### [PROBLEM]
In the listing below, find the line containing "Signage warns of" and the line containing "luxury】Our bathroom mirrors". Repeat exactly those two lines and every line between them.

[PROVIDED INFORMATION Boundary: Start]

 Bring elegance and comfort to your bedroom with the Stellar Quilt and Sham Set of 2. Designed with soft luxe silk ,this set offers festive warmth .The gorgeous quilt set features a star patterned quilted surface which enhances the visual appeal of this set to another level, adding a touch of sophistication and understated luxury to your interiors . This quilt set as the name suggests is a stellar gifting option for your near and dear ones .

[PROVIDED INFORMATION Boundary: End]
[PROVIDED INFORMATION Boundary: Start]

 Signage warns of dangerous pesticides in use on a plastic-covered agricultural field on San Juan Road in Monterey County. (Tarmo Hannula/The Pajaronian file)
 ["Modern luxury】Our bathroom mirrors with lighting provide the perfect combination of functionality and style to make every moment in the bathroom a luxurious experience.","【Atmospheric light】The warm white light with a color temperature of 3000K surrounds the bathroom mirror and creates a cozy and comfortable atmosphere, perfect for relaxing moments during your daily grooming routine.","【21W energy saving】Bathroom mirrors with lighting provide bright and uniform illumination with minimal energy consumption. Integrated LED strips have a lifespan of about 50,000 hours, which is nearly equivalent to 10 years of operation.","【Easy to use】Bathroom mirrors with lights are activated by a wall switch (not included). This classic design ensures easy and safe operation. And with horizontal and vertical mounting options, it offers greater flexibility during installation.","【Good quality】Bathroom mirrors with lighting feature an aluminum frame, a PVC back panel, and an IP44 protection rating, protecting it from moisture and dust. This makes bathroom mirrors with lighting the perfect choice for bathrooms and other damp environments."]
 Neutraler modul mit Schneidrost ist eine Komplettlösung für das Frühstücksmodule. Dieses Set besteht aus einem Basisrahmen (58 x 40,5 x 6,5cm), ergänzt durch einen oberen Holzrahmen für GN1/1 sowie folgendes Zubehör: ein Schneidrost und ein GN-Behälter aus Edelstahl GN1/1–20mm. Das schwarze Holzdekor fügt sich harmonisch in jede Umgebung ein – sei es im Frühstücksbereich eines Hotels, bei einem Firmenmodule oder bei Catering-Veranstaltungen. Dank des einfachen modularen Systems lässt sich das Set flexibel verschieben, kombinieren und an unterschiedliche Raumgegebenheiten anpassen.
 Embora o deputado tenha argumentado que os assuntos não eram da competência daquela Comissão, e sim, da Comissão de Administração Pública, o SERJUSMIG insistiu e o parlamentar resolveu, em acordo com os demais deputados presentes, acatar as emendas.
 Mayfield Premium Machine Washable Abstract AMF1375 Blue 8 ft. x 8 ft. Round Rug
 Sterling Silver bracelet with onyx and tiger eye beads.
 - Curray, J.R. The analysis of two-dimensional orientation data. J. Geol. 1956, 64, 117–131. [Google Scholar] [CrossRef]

[PROVIDED INFORMATION Boundary: End]

### [SOLUTION FOR THIS EXERCISE]
 Signage warns of dangerous pesticides in use on a plastic-covered agricultural field on San Juan Road in Monterey County. (Tarmo Hannula/The Pajaronian file)
 ["Modern luxury】Our bathroom mirrors with lighting provide the perfect combination of functionality and style to make every moment in the bathroom a luxurious experience.","【Atmospheric light】The warm white light with a color temperature of 3000K surrounds the bathroom mirror and creates a cozy and comfortable atmosphere, perfect for relaxing moments during your daily grooming routine.","【21W energy saving】Bathroom mirrors with lighting provide bright and uniform illumination with minimal energy consumption. Integrated LED strips have a lifespan of about 50,000 hours, which is nearly equivalent to 10 years of operation.","【Easy to use】Bathroom mirrors with lights are activated by a wall switch (not included). This classic design ensures easy and safe operation. And with horizontal and vertical mounting options, it offers greater flexibility during installation.","【Good quality】Bathroom mirrors with lighting feature an aluminum frame, a PVC back panel, and an IP44 protection rating, protecting it from moisture and dust. This makes bathroom mirrors with lighting the perfect choice for bathrooms and other damp environments."]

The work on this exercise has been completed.